The main groups of drugs used in treatment of cutaneuos mastocytosis are antihistamines, leukotriene antagonists, topical and oral cromolyn sodium, local therapy with zinc preparations, steroids, calcineur in inhibitors, NSAID’s, phototherapy and PUVA [2,8]. Only few case reports describe the use of oral glucocorticoids in treatment of diffuse cutaneous disease refractory to topical therapy [8].
In our case, the patient did not respond to the common available treatment options, that is why oral corticosteroids were added temporarily. Systemic corticosteroids relieved the symptoms. However, inevitable development of complications prompted search for an alternative treatment. Unfortunately, oral cromolyn sodium is not available in our country, therefore it was ordered from abroad. The treatment proved to be moderately effective with some exacerbations still observed by the child’s parents.

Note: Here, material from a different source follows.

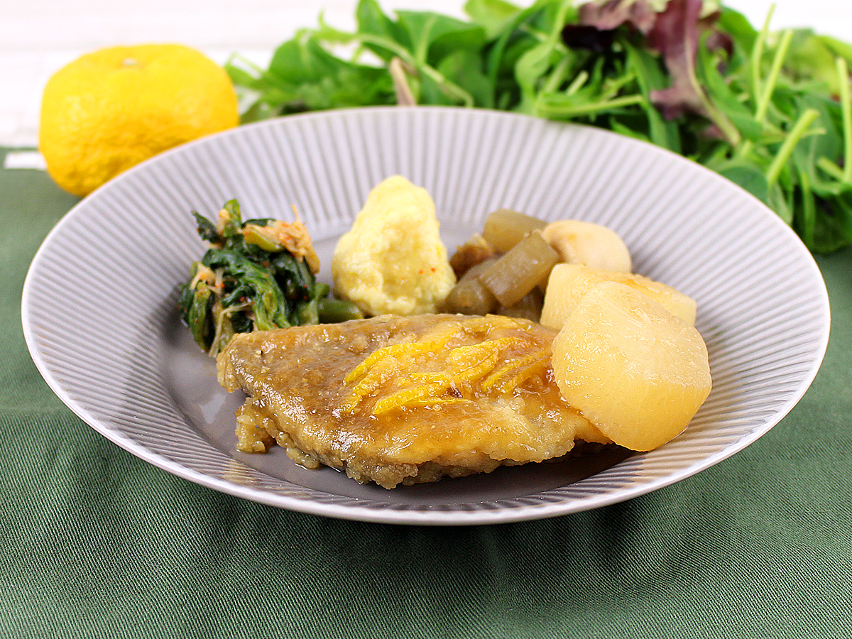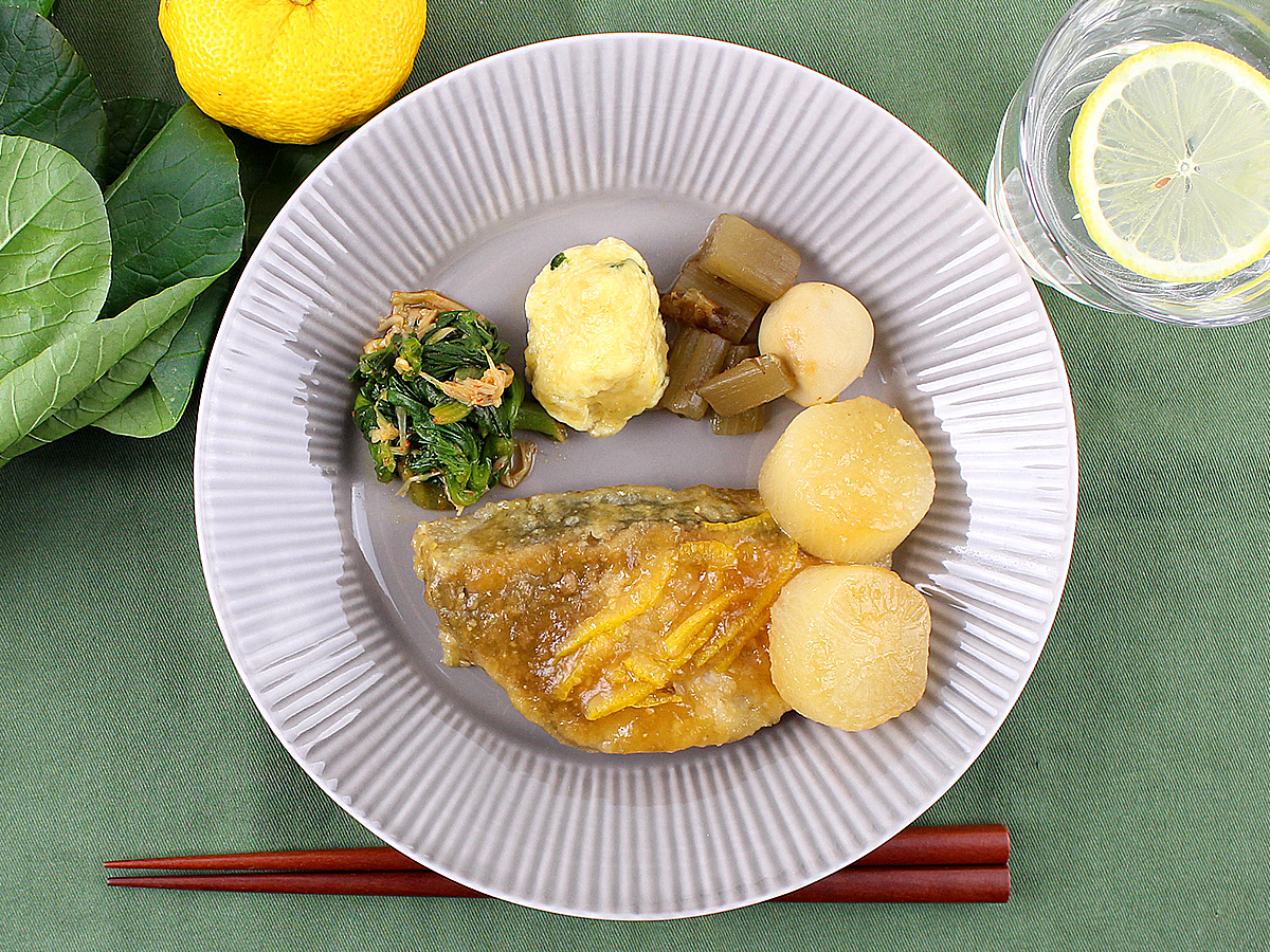 魚料理の定番ぶり大根を天然のぶりでご用意しました。煮崩れないように揚げて旨味を閉じ込めたぶりに大根を添え、ゆずを散らせてさっぱりとさせております。お出汁と甘みのある醤油をブレンドした和風だれを絡めてお召し上がりください。副菜は春を先取りした菜の花とえのきの辛味噌あえ、かぼちゃ豆腐、ふきと里芋煮です。

Cromolyn sodium is a mast cell stabilizer. Its mechanism of action is unclear. Oral cromolyn sodium has proven to be effective in some children to control diarrhea, abdominal pain, nausea, and vomiting. Despite its low absorption in the intestines, cromolyn sodium is said to be useful in some patients for the treatment of cutaneous symptoms including pruritus [4]. Currently, cromolyn sodium is one of the mainstay treatments of mastocytosis [8]. Mastocytosis treatment can be challenging due to the variability of the cutaneous and systemic disease. Unfortunately, no universal treatment protocol exists [7].

References

1. Vaes M, Benghiat FS, Hermine O. Targeted Treatment Options in Mastocytosis. Front Med (Lausanne). 2017;4:110.
2. Edwards AM, Capkova S. Oral and topical sodium cromoglicate in the treatment of diffuse cutaneous mastocytosis in an infant. BMJ Case Reports. 2011.
3. Rothe M, Grant-Kels JM, Makkar HS. Mast cell disorders: Kids are not just little people. Clinics in Dermatology. 2016;34(6):760-6.
4. Castells M, Metcalfe DD, Escribano L. Guidelines for the Diagnosis and Treatment of Cutaneous Mastocytosis in Children. Am J Clin Dermatol. 2011;12(4):259-70.
5. Azana JM, Torrelo A, Matito A. Update on Mastocytosis (Part 2): Categories, Prognosis, and Treatment. Actas Dermosifiliogr. 2016;107(1):15-22.
6. Bologna JL, Schaffer JV, Cerroni L. Dermatology. Fourth Edition. Section 18. Neoplasms of the Skin: Tharp, Sofen, Mastocytosis. 2102-2112. 2018. Elsevier Limited.
7. Lange M, Nedoszytko B, Gorska A, Anton Żawrocki, Michał Sobjanek, Dariusz Kozlowski. Mastocytosis in children and adults: clinical disease heterogeneity. Arch Med Sci. 2012;8(3):533-41.
8. Cardet JC, Akin C, Lee MJ. Mastocytosis: update on pharmacotherapy and future directions. Expert Opin Pharmacother. 2013;14(15): 2033-45.
9. Carter MC, Metcalde DD, Komarow HD. Mastocytosis. Immunol Allergy Clin North Am. Author; available in PMC 2015 Feb 1.